He was slow to anger and seldom got really mad. He was a kind, simple man that loved his family and was willing to change when he saw reason to do so. Racism and prejudice was common in his hometown so he had to unlearn things he had been raised on. He was intelligent but underestimated himself. He had climbed the ladder in Sinclair Oil Company but gave it up because of the constant relocations so I could have consistency in my education. It was the best job he ever had for many years until he started his own company years later. We had serious games of Trivial Pursuit and he would wipe us out, especially in Geography.

You may notice that I look just like him. My mother spent two weeks in the hospital after my birth, when my dad visited the nursery, he never had to tell the nurse on duty which baby was his. He told the story of how he only ever spanked me once because I wouldn’t stop talking in a movie theater. He did the father-daughter things at church, took us to drive-in movies, water skiing and taught us to drive and not on an automatic, stick only.

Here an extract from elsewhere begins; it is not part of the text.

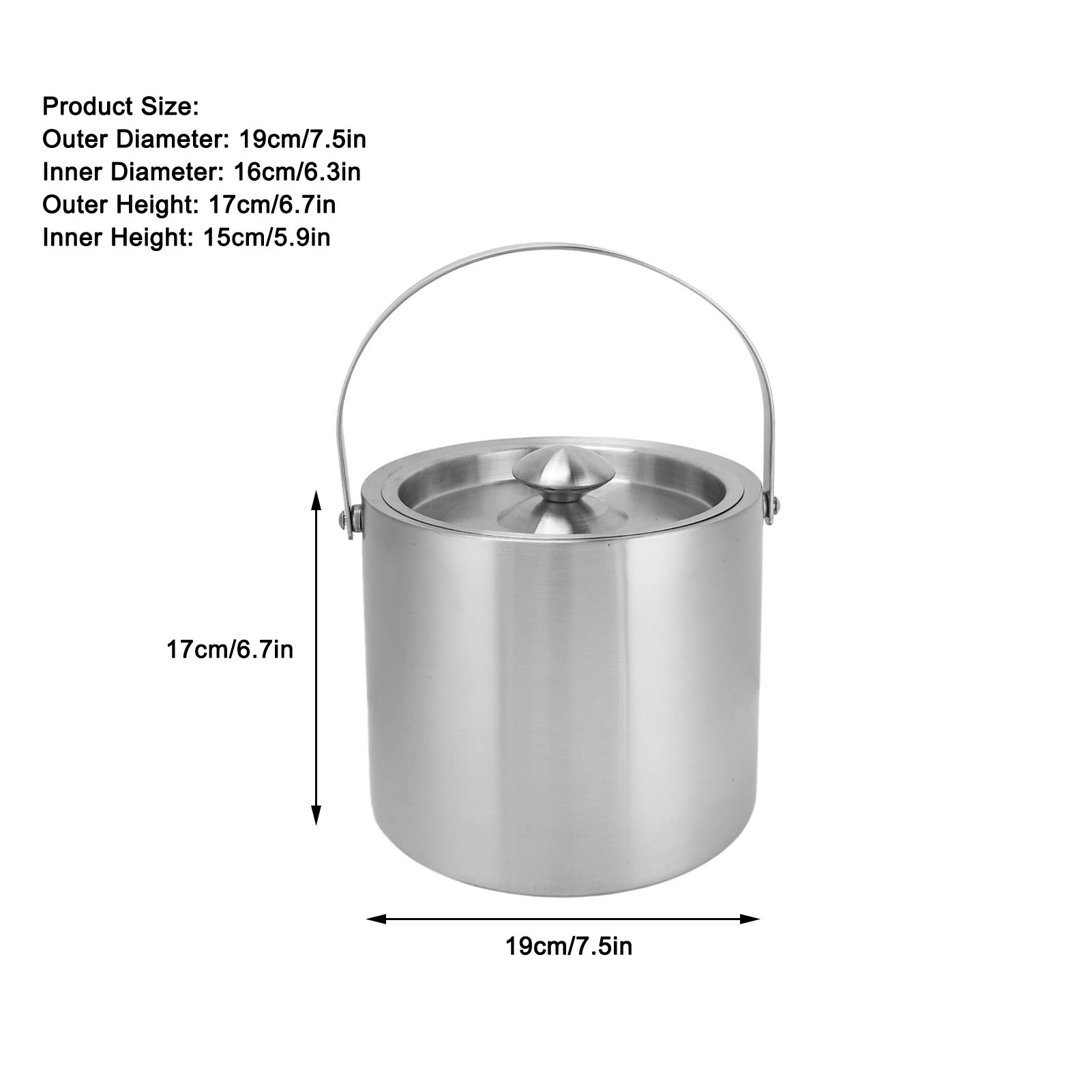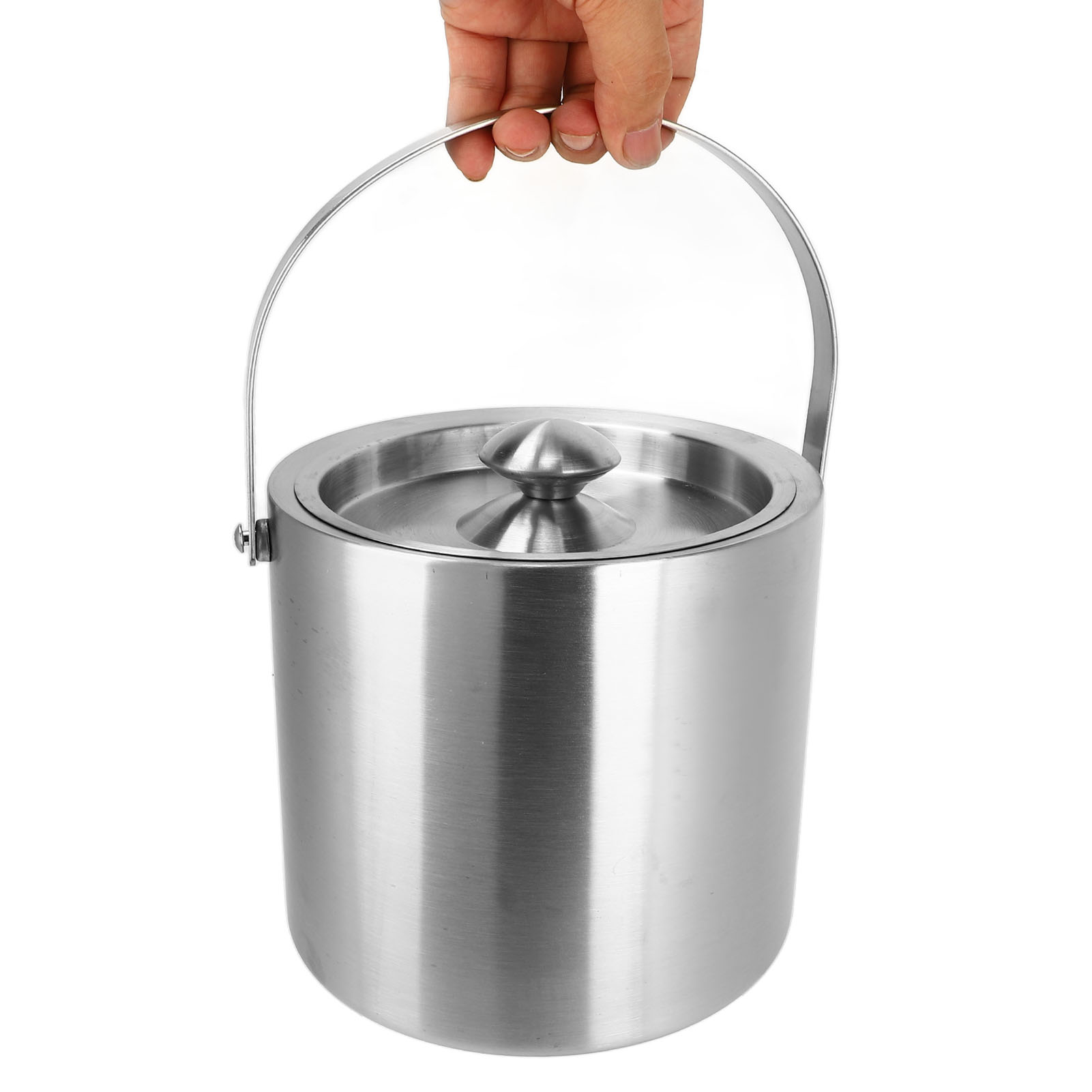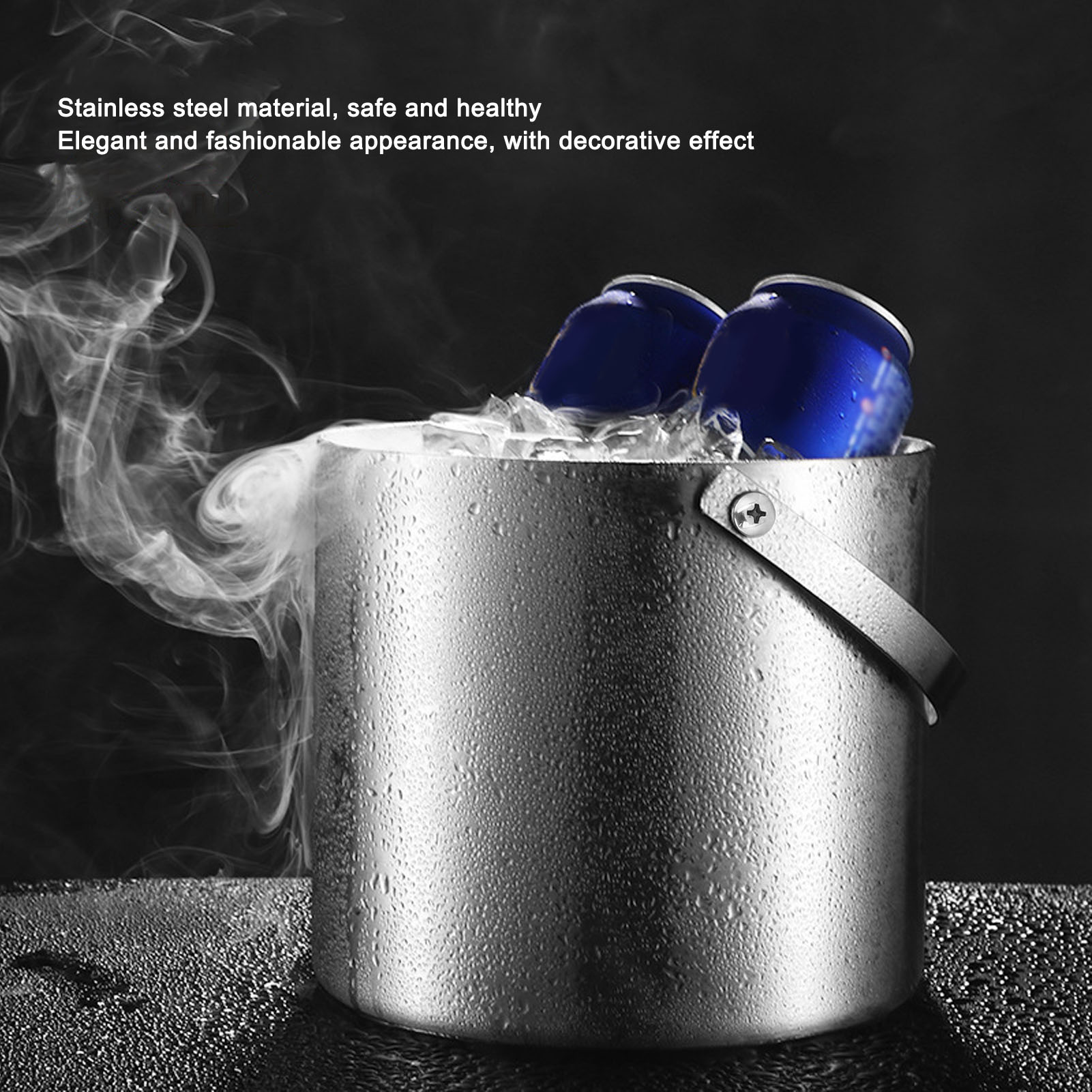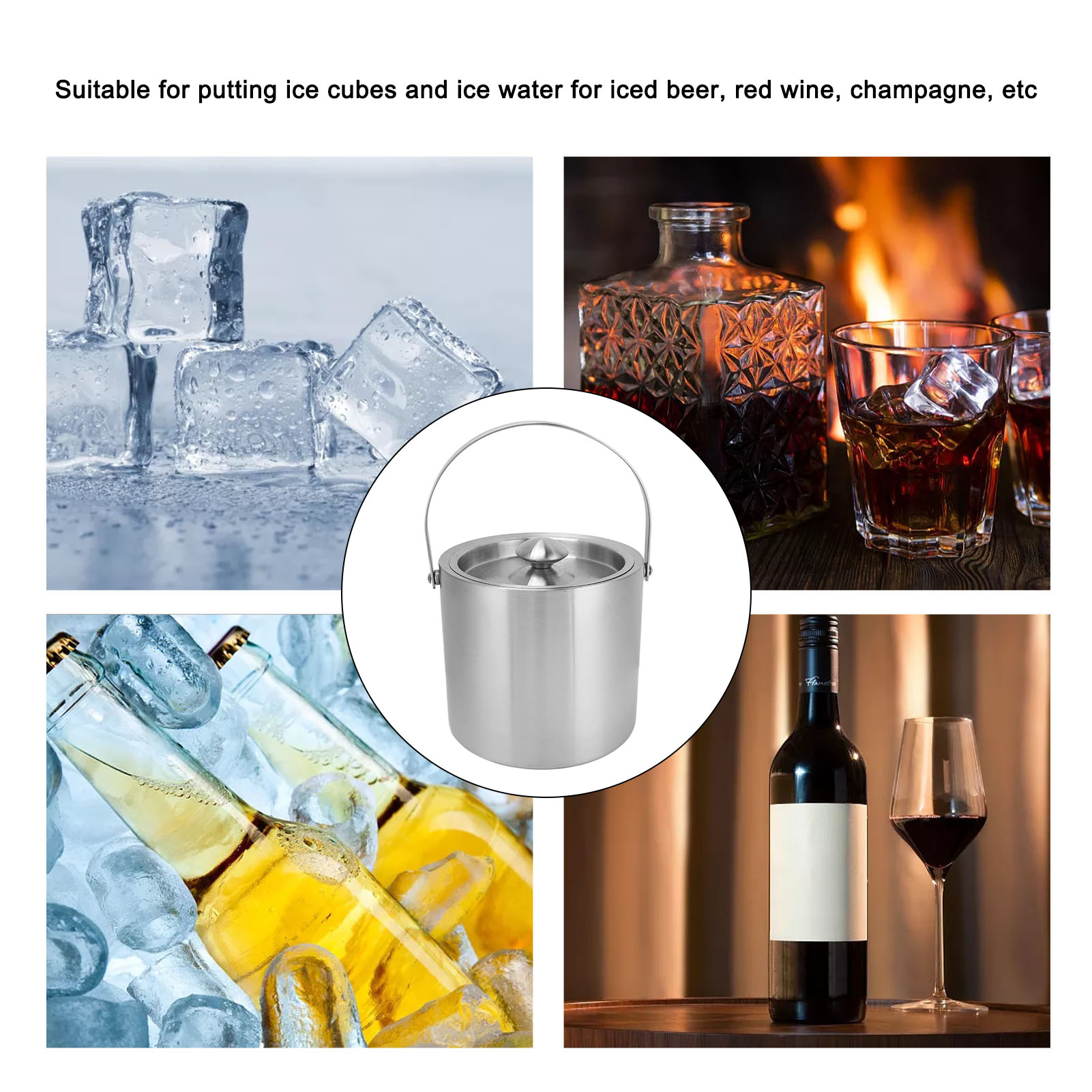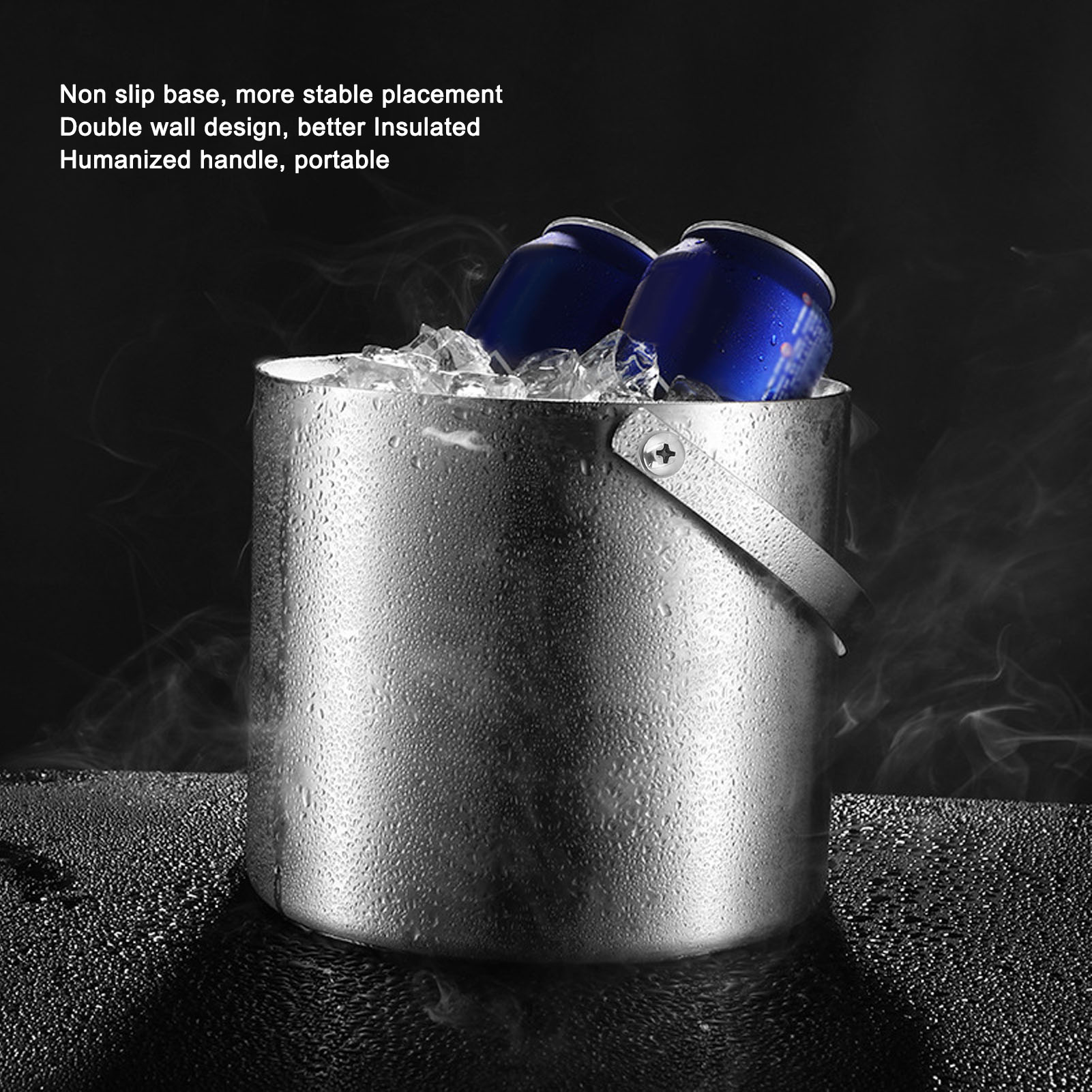 1、Better Insulated: This ice bucket has double wall and a lid, which makes the ice bucket better insulated, which is very suitable for freezing all kinds of wine. 2、Anti Slip Base: The base of the stainless steel ice bucket adopts concave design, which can effectively prevent slipping and make the placement more stable. 3、Humanized Handle: The cast steel handle of the ice bucket adopts human mechanics design, making the bucket easy to control, which is easy to carry. 4、Elegant and Safe: The appearance of the ice bucket is elegant and fashionable, which has a good decorative effect. At the same time, the material is also safe and healthy. 5、Easy to Clean: The beer ice bucket adopts wire drawing and polishing process inside and the ice bucket has glossy surface, so the bucket is easy to clean.

My mother and I watched the daily soap opera, The Edge of Night. It came on around 4:00 in the afternoon and sometimes Dad would get home in time to see it. He always insisted he wasn’t watching and didn’t care for it but we loved to tease him when he inquired about what happened in the last episode he missed. He loved bemoaning the fact that he was outnumbered by females with his wife, two daughters and his half-sister that lived with us for many years.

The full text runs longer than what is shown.